Turning 30, Arco art fair debuts sleek new look
Around 200 galleries left out as Carlos Urroz takes charge of Madrid showcase
Arco will survive if it manages to ward off the crisis and get good results. This is the main challenge for Carlos Urroz as he debuts as director of the great Madrid contemporary art fair, now in its 30th year. His formula for success was presented this week to executives of Ifema, the convention center that hosts Arco, which this year runs from February 16 to 20.
Collecting is the focus of this year's event, and 120 collectors from all over the world have been asked to come and get acquainted with the art being sold by 197 galleries in the general exhibition (20 fewer than last year) and the parallel sections. Also noteworthy is that the selection committee has left out some 200 galleries this time round.
This year's guest country is Russia, although it is only represented by eight galleries. Alexander Kutnetsov, the Russian ambassador in Madrid, specified that these galleries come from various parts of the country and not just Moscow or St Petersburg.
Russian contemporary art will be represented by galleries such as the Garage Center for Contemporary Culture, created in Moscow in 2008 by the multimillionaire oil tycoon (and owner of Chelsea soccer club) Roman Abramovich, whose presence is widely anticipated at the official inauguration of the fair.
For collectors with somewhat more limited means, Arco is inaugurating a project called First Collector, which provides aspiring collectors with advice on how to invest in art. Carlos Urroz guaranteed that the team of advisors will be very careful not to recommend specific artists or galleries.

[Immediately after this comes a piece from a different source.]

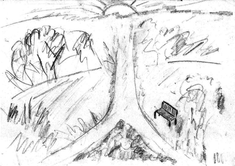 der Wege, wo diese verschmelzen und eine Bank wartet. Nachdem sie sich
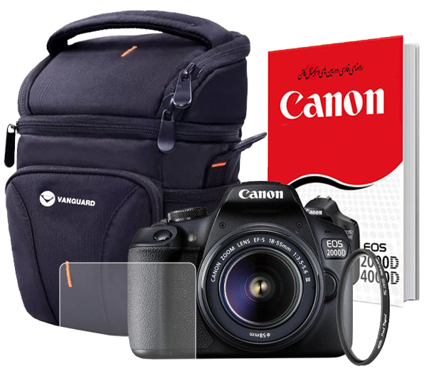 - دوربین کانن Canon EOS 2000D + EF-S 18-55mm 18-55mm III همراه با کیت لوازم جانبی

"Their sole mission is to give people a sense of what they can do with a specific amount of money and provide indications as to where they may find such artworks," he said.
Also of note is the fact that parallel cultural events, which played a leading role under former Arco director Lourdes Fernández, have been substantially reduced. The most important event in this section will be a tribute to the fair's 30th anniversary through a review of the artworks that surprised visitors the most over the years.
Observers have taken good note of the fair's evolution- or involution, more recently. "For nearly a couple of decades, Arco enjoyed unexpected prominence in Spain's artistic scene," notes Manuel Borja-Villel, director of the Reina Sofía contemporary art museum.
"More than a fair per se, it has been a cultural reference. Entire generations of schoolchildren got used to seeing contemporary art in its pavilions, and assimilating the fact that new material at the fair represented what was going on in the world."
He goes on to explain how and why the fair has gradually waned, culminating in last year's very public dispute between executives and gallery representatives over who should be deciding what art makes it into Arco.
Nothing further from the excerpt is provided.